In September 2016, Baxter was inducted as a Fellow of the Canadian Academy of Health Sciences.

== Research ==
Baxter's primary research focus as a clinical epidemiologist and health services researcher is the effectiveness of colorectal cancer screening, long-term outcomes of cancer survivors and quality of surgical care. She also applies the use of linked health administrative data and cancer registry data to evaluate long-term consequences of cancer care for adults.

Baxter has published more than 350 peer-reviewed publications in journals including New England Journal of Medicine (NEJM), Journal of the American Medical Association (JAMA), Journal of Clinical Oncology, Annals of Internal Medicine , British Medical Journal (BMJ) and Canadian Medical Association Journal.

Prof Baxter has established expertise in the evaluation of cancer screening with a reputation for "out of the box" thinking. With the Canadian Task Force on Preventative Health Care, she conducted a systematic review of the literature regarding the effectiveness of breast self-examination and produced guidelines recommending against the routine teaching of breast self-examination – the systematic review  found that routine teaching of breast self-examination did not improve survival from breast cancer but was associated with an increased number of physician visits and benign breast biopsies. The  guidelines generated marked controversy at the time of publication, but the conclusions have gained widespread acceptance and have helped lead to a change in Canadian recommendations for breast cancer screening.

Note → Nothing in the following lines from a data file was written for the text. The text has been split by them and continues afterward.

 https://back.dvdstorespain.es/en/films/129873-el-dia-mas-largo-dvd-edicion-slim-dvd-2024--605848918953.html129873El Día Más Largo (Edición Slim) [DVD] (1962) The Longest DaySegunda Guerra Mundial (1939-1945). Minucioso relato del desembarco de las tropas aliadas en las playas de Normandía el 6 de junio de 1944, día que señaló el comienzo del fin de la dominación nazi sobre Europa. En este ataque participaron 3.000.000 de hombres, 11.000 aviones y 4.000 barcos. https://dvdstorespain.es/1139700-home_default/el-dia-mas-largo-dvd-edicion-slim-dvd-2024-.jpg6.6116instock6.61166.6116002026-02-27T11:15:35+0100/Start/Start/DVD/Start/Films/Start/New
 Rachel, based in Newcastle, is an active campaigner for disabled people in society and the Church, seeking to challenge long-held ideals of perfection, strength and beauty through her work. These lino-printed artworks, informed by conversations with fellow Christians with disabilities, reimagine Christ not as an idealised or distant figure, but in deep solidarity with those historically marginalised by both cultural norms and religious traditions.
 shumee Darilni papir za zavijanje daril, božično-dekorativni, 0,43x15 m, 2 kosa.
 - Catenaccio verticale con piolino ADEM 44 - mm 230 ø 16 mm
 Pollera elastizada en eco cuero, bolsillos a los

Baxter N, with The Canadian Task Force on Preventive Health Care. Preventive health care update: Should we routinely teach breast self-examination to screen for breast cancer. Can Med Assc J 2001; 164:1837-1847.

In 2008, Baxter led a study that found colonoscopy was less effective at finding cancers on the right side and therefore reduced mortality only from left-side tumors.

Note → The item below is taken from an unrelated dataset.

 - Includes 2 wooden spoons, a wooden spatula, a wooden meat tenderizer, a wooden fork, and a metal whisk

In 2014, the Canadian Cancer Society announced funding for a project led by Baxter to create a clinical decision-making tool designed to help young cancer patients make choices about preserving their fertility after cancer treatment.

In 2015, Baxter led a study that showed that patients having elective surgery during the day fare no better or worse if the doctor operating has worked the night before.

A 2016 study led by Baxter showed that organ transplant recipients have a higher-than-average risk of dying from cancer, possibly warranting increased prevention and screening measures.